What to do -
Return the stretch from the line with "3) Czy w tej" through the line with "活动中,邵老师详细介绍了六朝" in the data below, character for character, skipping all pictures.

Data excerpts -
● ● ● ● ● ● ●

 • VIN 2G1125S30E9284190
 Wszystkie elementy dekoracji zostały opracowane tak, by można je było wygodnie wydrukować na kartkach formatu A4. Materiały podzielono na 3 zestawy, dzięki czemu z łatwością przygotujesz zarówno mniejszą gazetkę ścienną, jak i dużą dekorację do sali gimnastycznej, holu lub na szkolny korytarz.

● ● ● ● ● ● ●

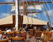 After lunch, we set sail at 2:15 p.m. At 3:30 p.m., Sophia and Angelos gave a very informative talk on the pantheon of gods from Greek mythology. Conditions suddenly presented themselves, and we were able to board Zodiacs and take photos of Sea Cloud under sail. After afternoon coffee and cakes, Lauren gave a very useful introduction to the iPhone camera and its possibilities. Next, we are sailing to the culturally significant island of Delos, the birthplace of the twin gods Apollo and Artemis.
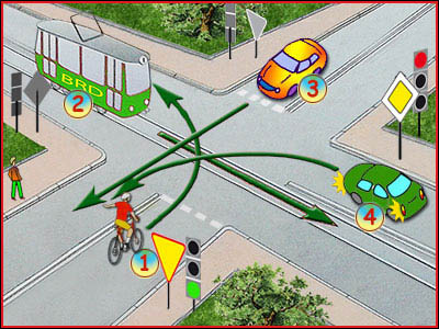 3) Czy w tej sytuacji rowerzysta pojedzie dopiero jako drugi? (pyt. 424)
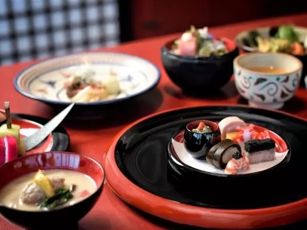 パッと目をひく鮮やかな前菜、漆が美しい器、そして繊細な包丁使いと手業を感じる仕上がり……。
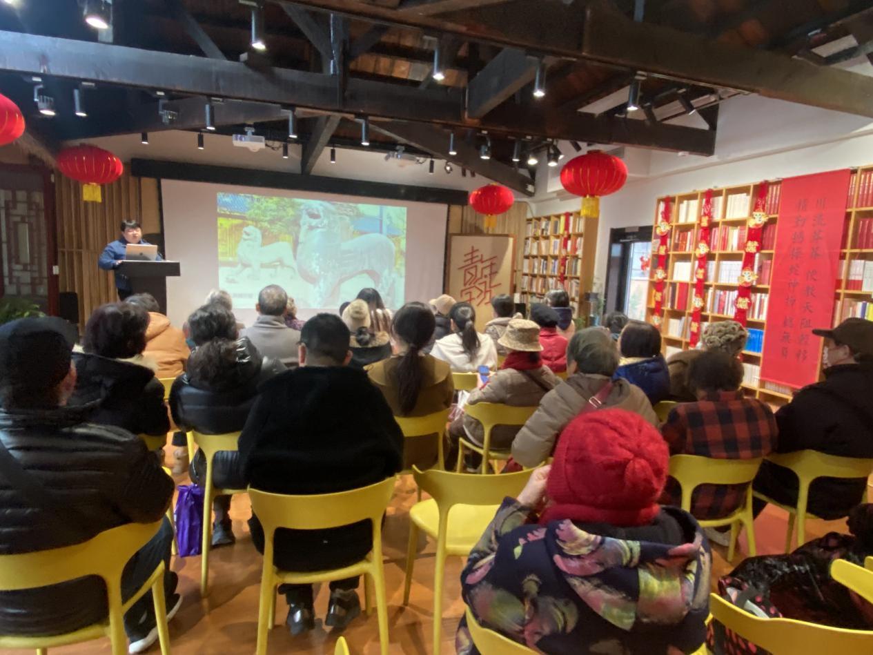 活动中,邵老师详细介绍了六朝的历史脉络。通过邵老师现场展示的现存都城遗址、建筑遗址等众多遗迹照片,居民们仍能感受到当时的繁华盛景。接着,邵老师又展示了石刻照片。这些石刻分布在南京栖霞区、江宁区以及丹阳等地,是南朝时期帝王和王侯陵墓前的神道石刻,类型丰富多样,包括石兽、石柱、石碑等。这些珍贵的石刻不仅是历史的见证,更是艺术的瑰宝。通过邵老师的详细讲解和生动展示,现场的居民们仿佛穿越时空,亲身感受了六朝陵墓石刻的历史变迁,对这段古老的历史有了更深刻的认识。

● ● ● ● ● ● ●

Solution to the exercise -
 3) Czy w tej sytuacji rowerzysta pojedzie dopiero jako drugi? (pyt. 424)
 パッと目をひく鮮やかな前菜、漆が美しい器、そして繊細な包丁使いと手業を感じる仕上がり……。
 活动中,邵老师详细介绍了六朝的历史脉络。通过邵老师现场展示的现存都城遗址、建筑遗址等众多遗迹照片,居民们仍能感受到当时的繁华盛景。接着,邵老师又展示了石刻照片。这些石刻分布在南京栖霞区、江宁区以及丹阳等地,是南朝时期帝王和王侯陵墓前的神道石刻,类型丰富多样,包括石兽、石柱、石碑等。这些珍贵的石刻不仅是历史的见证,更是艺术的瑰宝。通过邵老师的详细讲解和生动展示,现场的居民们仿佛穿越时空,亲身感受了六朝陵墓石刻的历史变迁,对这段古老的历史有了更深刻的认识。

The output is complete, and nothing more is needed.